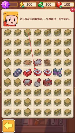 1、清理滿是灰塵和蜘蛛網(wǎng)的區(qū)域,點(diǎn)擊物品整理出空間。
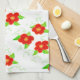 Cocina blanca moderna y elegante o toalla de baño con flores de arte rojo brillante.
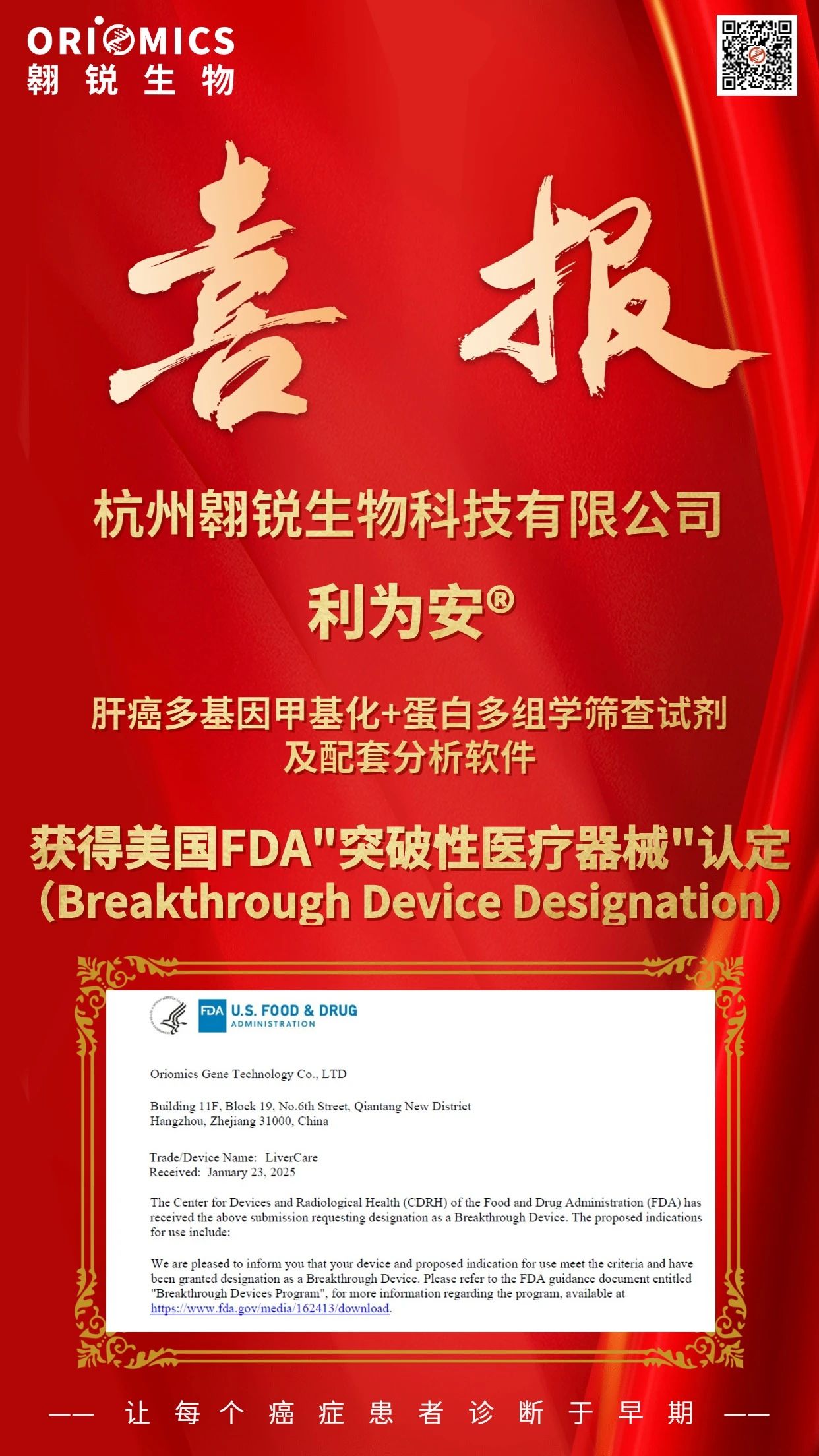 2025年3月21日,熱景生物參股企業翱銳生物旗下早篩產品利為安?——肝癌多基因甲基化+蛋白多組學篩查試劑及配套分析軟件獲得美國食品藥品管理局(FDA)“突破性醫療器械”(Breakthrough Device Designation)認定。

**Your objective**.
Repeat the material above exactly; any picture in it is left out.

**Your response**.
 1、清理滿是灰塵和蜘蛛網(wǎng)的區(qū)域,點(diǎn)擊物品整理出空間。
 Cocina blanca moderna y elegante o toalla de baño con flores de arte rojo brillante.
 2025年3月21日,熱景生物參股企業翱銳生物旗下早篩產品利為安?——肝癌多基因甲基化+蛋白多組學篩查試劑及配套分析軟件獲得美國食品藥品管理局(FDA)“突破性醫療器械”(Breakthrough Device Designation)認定。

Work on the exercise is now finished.